Por isso, a miséria não era alimentar porque não passavam fome, a questão era intelectual, existencial. Os valores eram os de ontem e o futuro prometido era trabalhar para acumular, para teres um carro, uma casa, uma família, filhos para prolongar o nome e a propriedade acumulada, e sobretudo trabalhar para te manteres caladinho, porque caladinhos somos todos poetas da vida e do dia a dia e não causamos problemas à sociedade nem à autoridade, ou porque estamos a trabalhar ou estamos a descansar do trabalho e se não temos direitos laborais pelo menos temos direitos familiares, o que faz com que já não seja preciso ir ao talho a pé ou de autocarro porque o pai pode lá ir de carro, e tudo porque estamos a descansar para ir logo trabalhar outra vez. Trabalhar aliena. Todos os dias se vêem patrões-ratoeira a convidar ratas com ramos de gardénias e rosas dizendo que mudaram de atitude e depois, na concorrência, vemos lobos dizerem às ovelhas que se tornaram vegetarianos. Ora, ninguém pede a um escravo ou a uma ovelha que tenha ideias próprias e se se lhe causa algum tipo de problema ou transtorno dá-se-lhe um garrafa de aguardente ou do melhor scotche importado e logo ele se cala e justifica o dono quando este usa o vidro dessa garrafa como lâmina na garganta da revolta (como no «Dina»), porque se não trabuca não manduca e por isso, trabalha filho e não me chateies com os judeus nem com o Trump.

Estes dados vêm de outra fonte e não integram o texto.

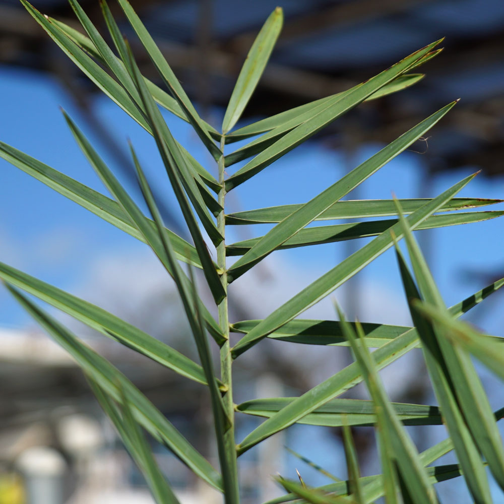 ナツメヤシは葉がとげとげしているので、刺さると痛いです。ご注意ください。
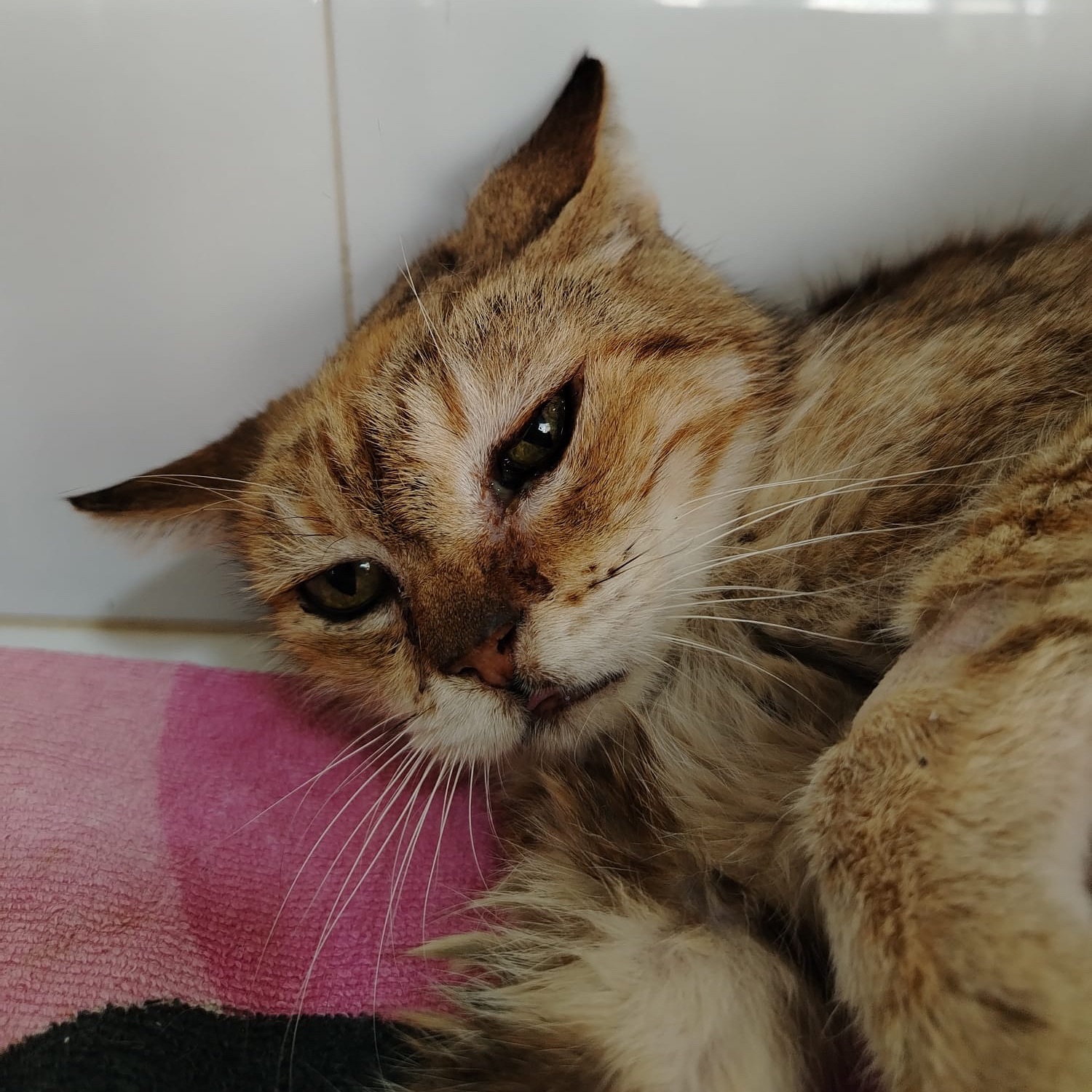 Dulce fue recogida el 05/10/2025 atropellada. Se llevó de inmediato al veterinario. Ya está recuperada pero no podemos sacarla del veterinario porque no tenemos adopción para ella… Está muy triste por estar en una jaula sola en el veterinario…
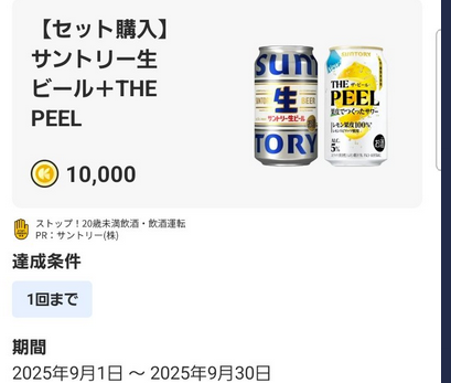 サントリー生ビールに当選したら、THE PEELを同時購入レシートを
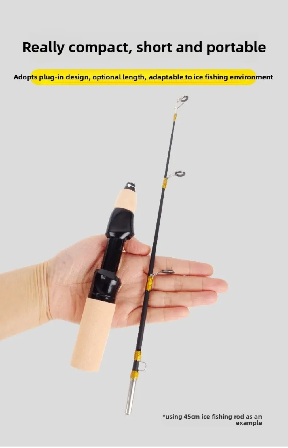 Compacto y portátil: el tamaño de la mini caña de pescar la convierte en un compañero de viaje perfecto para los pescadores en movimiento.
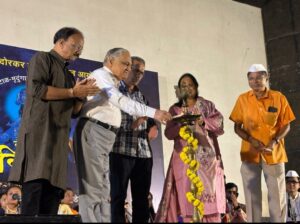 जळगांव – दि.७.(धर्मसाथी मीडिया नेटवर्क) स्व.वसंतराव चांदोरकर स्मृती प्रतिष्ठान आणि डॉ. भवरलाल आणि कांताबाई जैन फाउंडेशन च्या वतीने यंदाचा १० वा अर्थात दशकपुर्ती कार्यक्रम प्रतिष्ठानाने आयोजित केला होता.परंपरेप्रमाणे अनुभूती शाळेच्या विद्यार्थ्यांनी पालखी,दिंडी,व खेळ झाले.दीप प्रज्वलन प्रतिष्ठानचे अध्यक्ष डॉ.विवेकानंद कुलकर्णी सचिव अरविंद देशपांडे,रायसोनी महाविद्यालयाच्या संचालक डॉ.प्रीती अग्रवाल,व जेष्ट रंगकर्मी प्रा.राजेंद्र देशमुख यांनी केले.आणि सुरू झाला अभंगवाणीचा प्रवास.
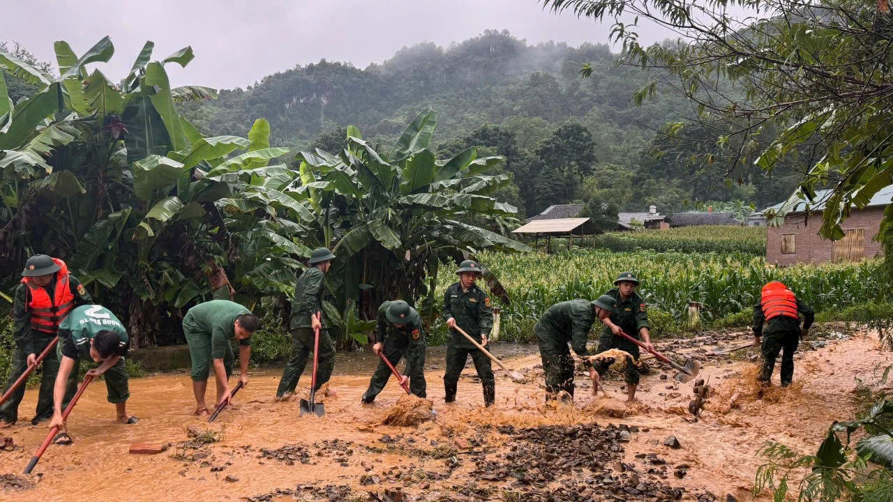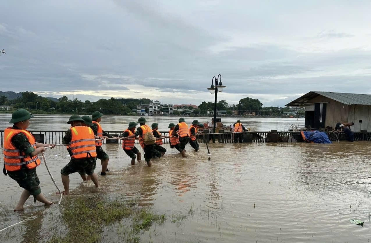 Các chiến sĩ quân đội (Bộ Chỉ huy quân sự tỉnh Tuyên Quang) phối hợp cùng lực lượng chức năng của tỉnh hỗ trợ người dân di chuyển tài sản, người ra địa điểm an toàn.
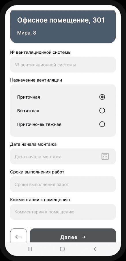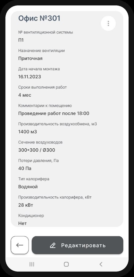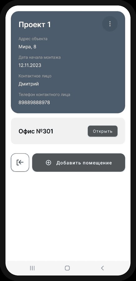 Также в приложении возможно создавать свои проекты, добавляя в них необходимое количество помещений и систем.
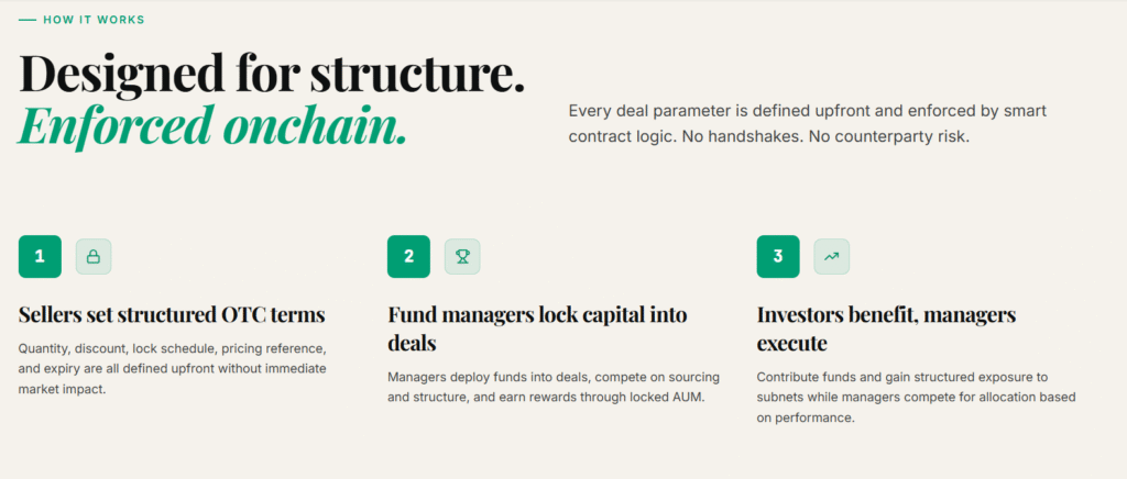 Subnet owners or token holders define OTC terms in advance, including quantity, discount, lock duration, pricing references, and expiry logic. Capital is raised without destabilizing the secondary market.
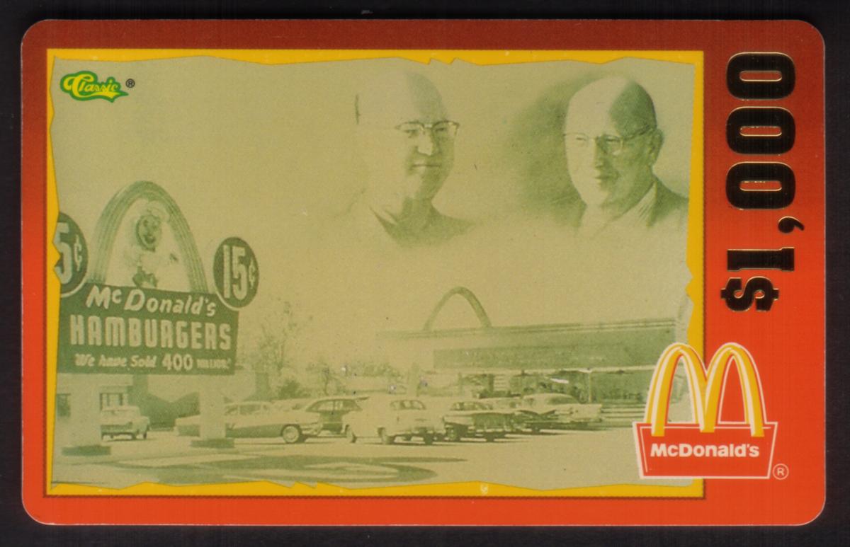 The second card features a sepia-toned image of two men above an early McDonald’s restaurant with classic cars parked outside. A large sign in the foreground advertises hamburgers for 15 cents and the fact that over 400 million had been sold. The McDonald's logo appears in the bottom right corner on the red border, alongside the $1,000 denomination written vertically on the right edge.

E quando o filho declara reticências com o trabalho sem descontos e o dinheiro justo que recebe por trabalhar seis noites por semana, o pai goza com o pagode e diz todo contente e cheio de orgulho mas onde se nota o cinismo de quem se está a cagar com o destino do próprio filho:

-- Ainda te vêm buscar eheheh. Dá-me o teu dinheiro para eu to guardar!

-- Sim pai, tu que nem uma nota de vinte euros me dás porque dizes que é ilegal, gozas com a polícia quando eu todas as semanas deposito a féria. Para ti, o importante e o mal não é ser preso, o problema seria se o teu filho fosse preso por tráfico de droga, isso é que para ti seria grave.

E eu pergunto se tenho o pai que mereço ou se mais valia emigrar para a Lua.